Pictures don't belong in the copy; print all the records exactly.
Extracted records: Begin
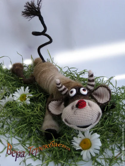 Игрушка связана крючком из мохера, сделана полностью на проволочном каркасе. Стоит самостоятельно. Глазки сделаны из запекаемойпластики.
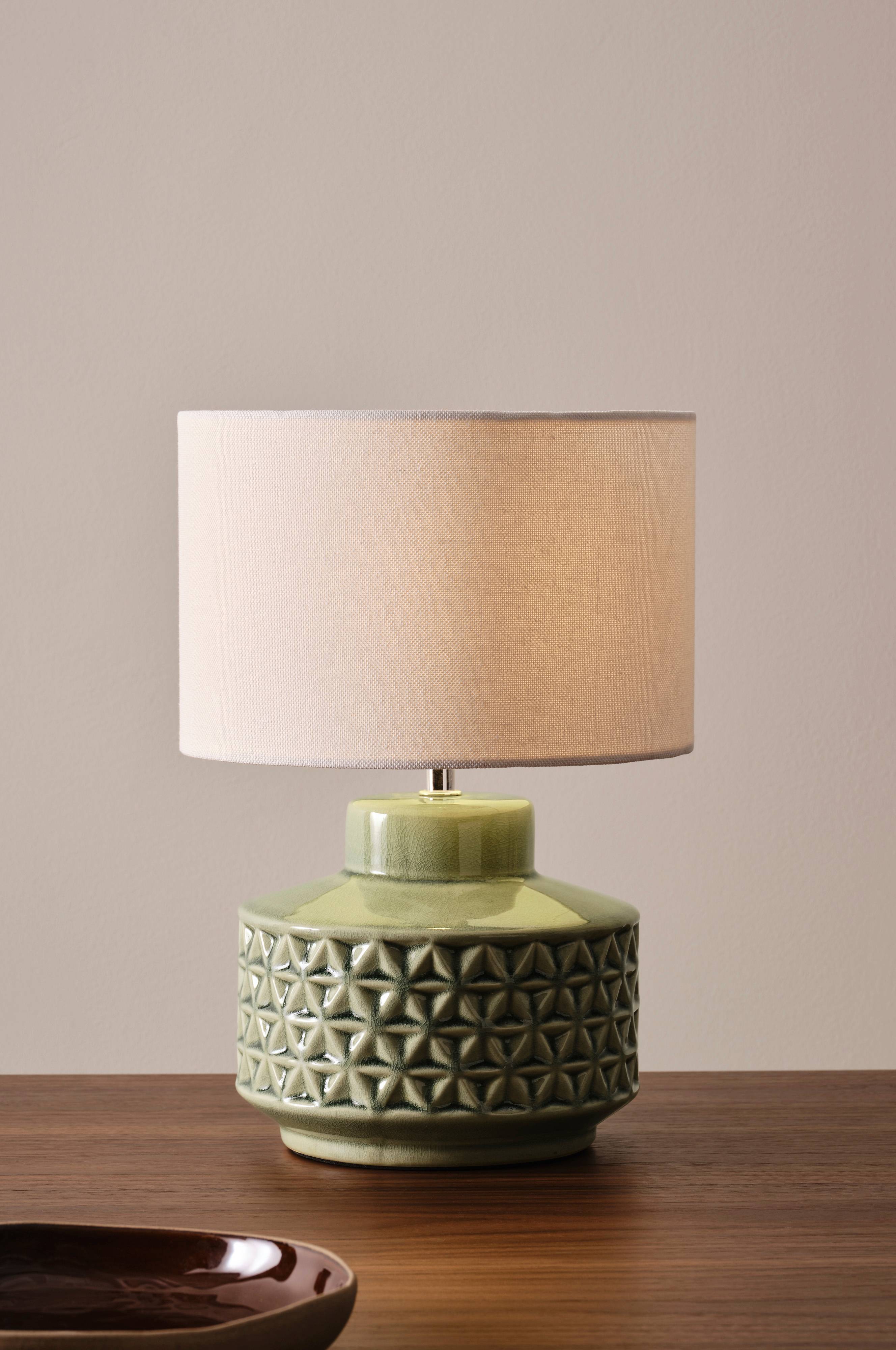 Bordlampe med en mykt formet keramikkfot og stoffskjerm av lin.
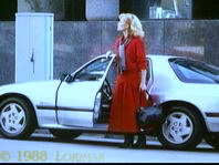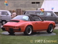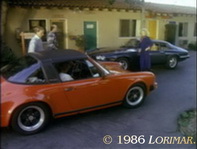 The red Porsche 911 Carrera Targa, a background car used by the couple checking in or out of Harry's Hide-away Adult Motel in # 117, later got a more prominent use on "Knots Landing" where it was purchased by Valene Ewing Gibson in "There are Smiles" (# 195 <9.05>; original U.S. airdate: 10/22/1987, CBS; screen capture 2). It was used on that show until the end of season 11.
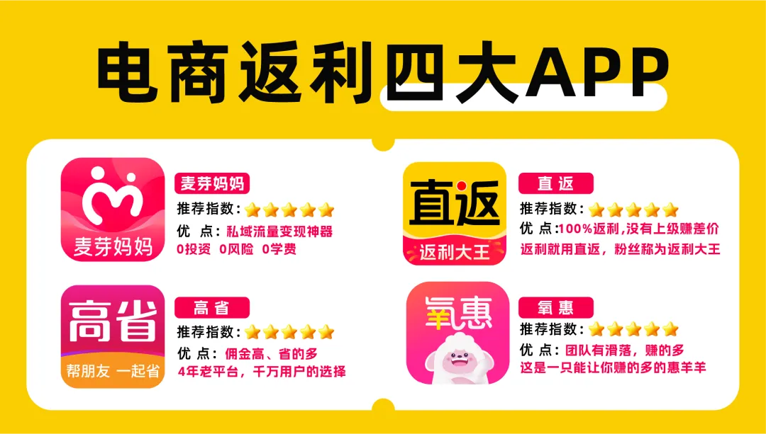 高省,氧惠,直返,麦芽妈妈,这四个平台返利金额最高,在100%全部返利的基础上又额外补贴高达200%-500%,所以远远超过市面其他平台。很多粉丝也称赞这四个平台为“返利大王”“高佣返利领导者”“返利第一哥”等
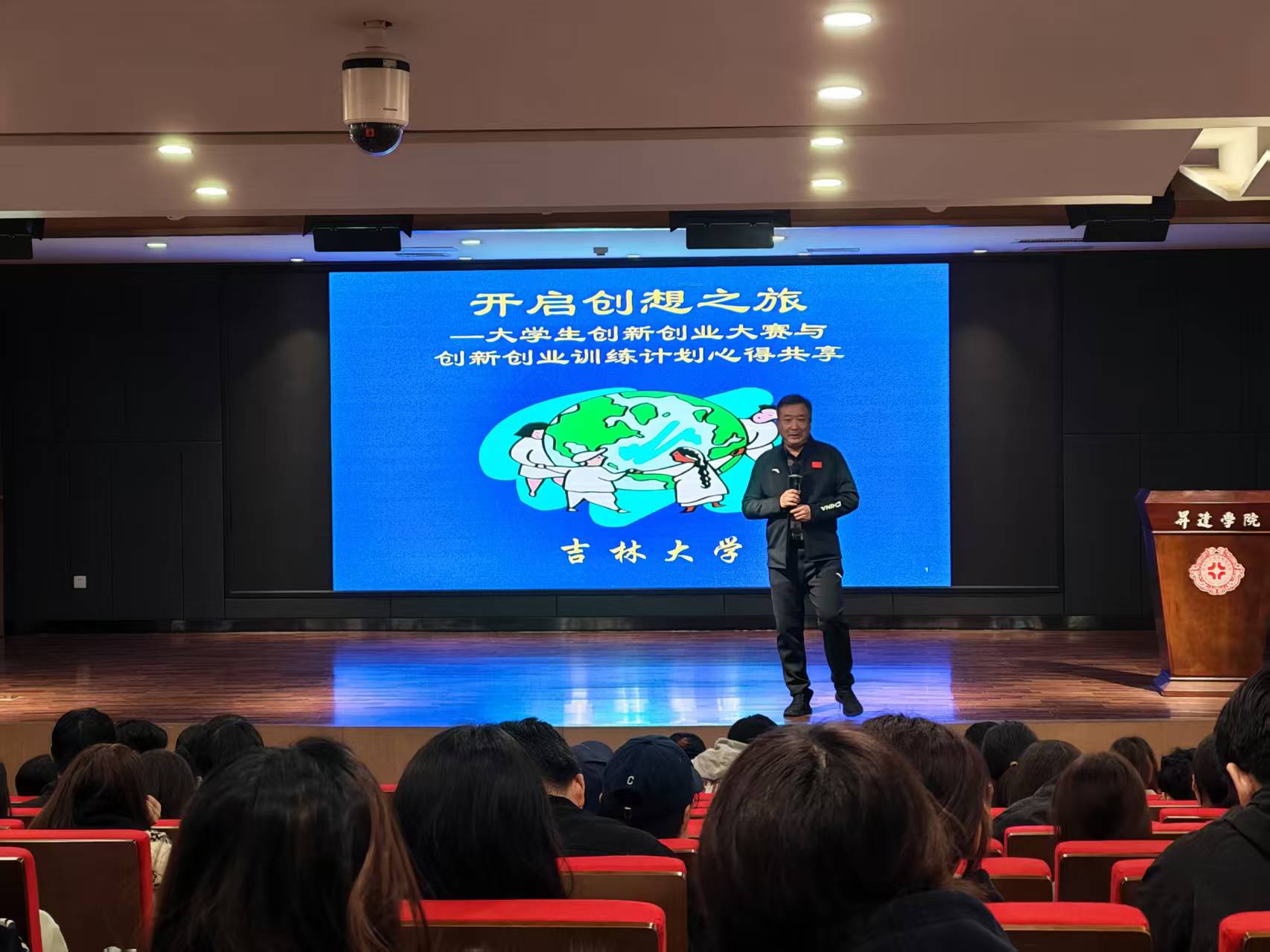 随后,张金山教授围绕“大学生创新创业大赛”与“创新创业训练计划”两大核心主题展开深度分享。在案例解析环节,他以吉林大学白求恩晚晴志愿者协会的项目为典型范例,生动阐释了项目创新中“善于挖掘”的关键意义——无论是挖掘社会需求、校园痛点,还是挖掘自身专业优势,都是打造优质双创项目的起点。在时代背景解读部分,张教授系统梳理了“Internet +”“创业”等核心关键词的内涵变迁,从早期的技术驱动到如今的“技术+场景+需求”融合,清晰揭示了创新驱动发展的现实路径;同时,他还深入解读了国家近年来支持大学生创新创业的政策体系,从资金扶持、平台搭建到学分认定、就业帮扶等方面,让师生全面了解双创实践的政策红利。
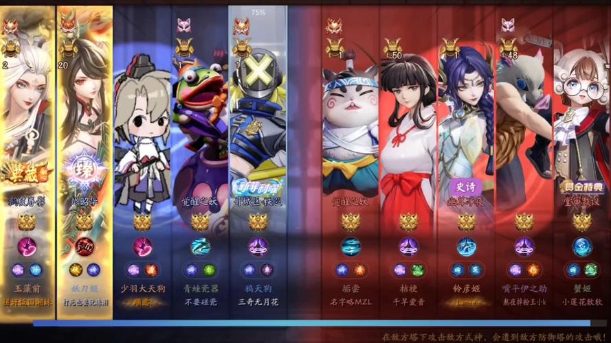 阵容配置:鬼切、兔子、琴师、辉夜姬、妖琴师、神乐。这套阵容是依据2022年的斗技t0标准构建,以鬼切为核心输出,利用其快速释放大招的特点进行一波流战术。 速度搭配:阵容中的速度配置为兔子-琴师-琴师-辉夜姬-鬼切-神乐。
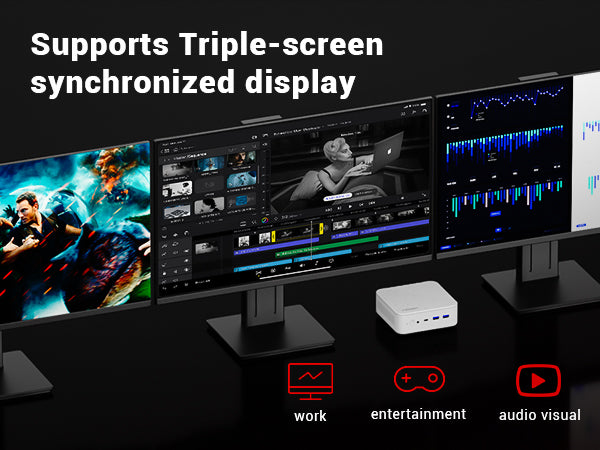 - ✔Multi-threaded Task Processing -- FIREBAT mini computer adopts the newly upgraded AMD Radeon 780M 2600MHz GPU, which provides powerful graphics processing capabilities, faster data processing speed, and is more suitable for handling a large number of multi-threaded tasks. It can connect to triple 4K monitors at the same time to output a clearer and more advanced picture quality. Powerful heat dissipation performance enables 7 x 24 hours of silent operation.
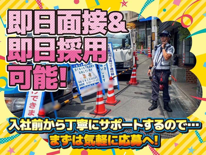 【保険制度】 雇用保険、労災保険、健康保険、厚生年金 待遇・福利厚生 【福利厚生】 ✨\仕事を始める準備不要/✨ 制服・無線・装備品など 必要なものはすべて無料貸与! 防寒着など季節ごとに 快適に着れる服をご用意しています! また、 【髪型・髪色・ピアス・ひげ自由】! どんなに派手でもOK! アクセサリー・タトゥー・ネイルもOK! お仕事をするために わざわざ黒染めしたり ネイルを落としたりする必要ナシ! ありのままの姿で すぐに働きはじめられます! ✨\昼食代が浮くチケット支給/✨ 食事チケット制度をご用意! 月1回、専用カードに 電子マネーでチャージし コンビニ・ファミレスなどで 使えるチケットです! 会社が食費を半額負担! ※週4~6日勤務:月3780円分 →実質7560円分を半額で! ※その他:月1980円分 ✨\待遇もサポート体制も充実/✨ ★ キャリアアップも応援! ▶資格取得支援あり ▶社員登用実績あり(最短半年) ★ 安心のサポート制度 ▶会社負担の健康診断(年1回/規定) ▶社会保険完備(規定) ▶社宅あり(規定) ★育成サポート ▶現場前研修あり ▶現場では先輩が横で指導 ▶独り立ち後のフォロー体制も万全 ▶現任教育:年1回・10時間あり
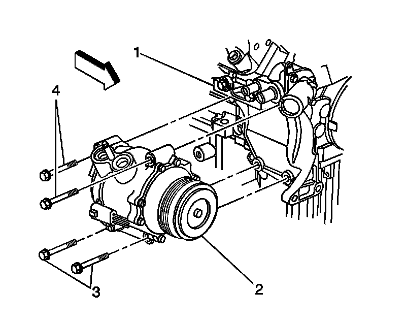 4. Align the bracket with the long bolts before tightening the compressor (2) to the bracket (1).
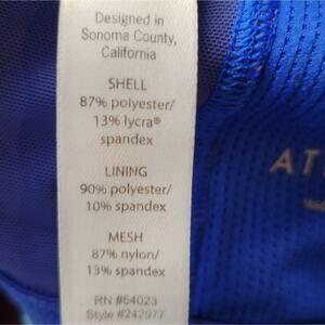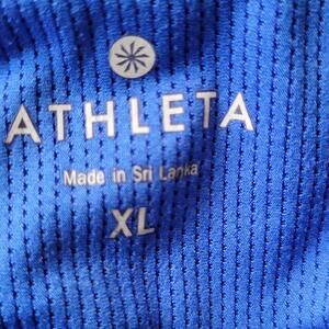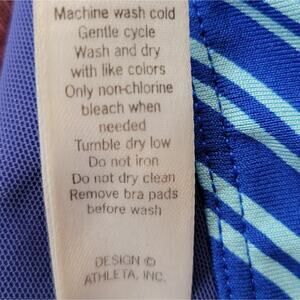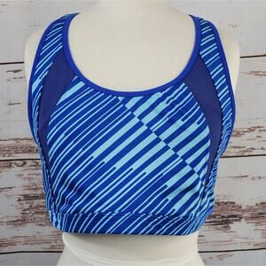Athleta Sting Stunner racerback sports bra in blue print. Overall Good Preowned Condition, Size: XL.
Extracted records: End
Exercise result
 Игрушка связана крючком из мохера, сделана полностью на проволочном каркасе. Стоит самостоятельно. Глазки сделаны из запекаемойпластики.
 Bordlampe med en mykt formet keramikkfot og stoffskjerm av lin.
 The red Porsche 911 Carrera Targa, a background car used by the couple checking in or out of Harry's Hide-away Adult Motel in # 117, later got a more prominent use on "Knots Landing" where it was purchased by Valene Ewing Gibson in "There are Smiles" (# 195 <9.05>; original U.S. airdate: 10/22/1987, CBS; screen capture 2). It was used on that show until the end of season 11.
 高省,氧惠,直返,麦芽妈妈,这四个平台返利金额最高,在100%全部返利的基础上又额外补贴高达200%-500%,所以远远超过市面其他平台。很多粉丝也称赞这四个平台为“返利大王”“高佣返利领导者”“返利第一哥”等
 随后,张金山教授围绕“大学生创新创业大赛”与“创新创业训练计划”两大核心主题展开深度分享。在案例解析环节,他以吉林大学白求恩晚晴志愿者协会的项目为典型范例,生动阐释了项目创新中“善于挖掘”的关键意义——无论是挖掘社会需求、校园痛点,还是挖掘自身专业优势,都是打造优质双创项目的起点。在时代背景解读部分,张教授系统梳理了“Internet +”“创业”等核心关键词的内涵变迁,从早期的技术驱动到如今的“技术+场景+需求”融合,清晰揭示了创新驱动发展的现实路径;同时,他还深入解读了国家近年来支持大学生创新创业的政策体系,从资金扶持、平台搭建到学分认定、就业帮扶等方面,让师生全面了解双创实践的政策红利。
 阵容配置:鬼切、兔子、琴师、辉夜姬、妖琴师、神乐。这套阵容是依据2022年的斗技t0标准构建,以鬼切为核心输出,利用其快速释放大招的特点进行一波流战术。 速度搭配:阵容中的速度配置为兔子-琴师-琴师-辉夜姬-鬼切-神乐。
 - ✔Multi-threaded Task Processing -- FIREBAT mini computer adopts the newly upgraded AMD Radeon 780M 2600MHz GPU, which provides powerful graphics processing capabilities, faster data processing speed, and is more suitable for handling a large number of multi-threaded tasks. It can connect to triple 4K monitors at the same time to output a clearer and more advanced picture quality. Powerful heat dissipation performance enables 7 x 24 hours of silent operation.
 【保険制度】 雇用保険、労災保険、健康保険、厚生年金 待遇・福利厚生 【福利厚生】 ✨\仕事を始める準備不要/✨ 制服・無線・装備品など 必要なものはすべて無料貸与! 防寒着など季節ごとに 快適に着れる服をご用意しています! また、 【髪型・髪色・ピアス・ひげ自由】! どんなに派手でもOK! アクセサリー・タトゥー・ネイルもOK! お仕事をするために わざわざ黒染めしたり ネイルを落としたりする必要ナシ! ありのままの姿で すぐに働きはじめられます! ✨\昼食代が浮くチケット支給/✨ 食事チケット制度をご用意! 月1回、専用カードに 電子マネーでチャージし コンビニ・ファミレスなどで 使えるチケットです! 会社が食費を半額負担! ※週4~6日勤務:月3780円分 →実質7560円分を半額で! ※その他:月1980円分 ✨\待遇もサポート体制も充実/✨ ★ キャリアアップも応援! ▶資格取得支援あり ▶社員登用実績あり(最短半年) ★ 安心のサポート制度 ▶会社負担の健康診断(年1回/規定) ▶社会保険完備(規定) ▶社宅あり(規定) ★育成サポート ▶現場前研修あり ▶現場では先輩が横で指導 ▶独り立ち後のフォロー体制も万全 ▶現任教育:年1回・10時間あり
 4. Align the bracket with the long bolts before tightening the compressor (2) to the bracket (1).
Athleta Sting Stunner racerback sports bra in blue print. Overall Good Preowned Condition, Size: XL.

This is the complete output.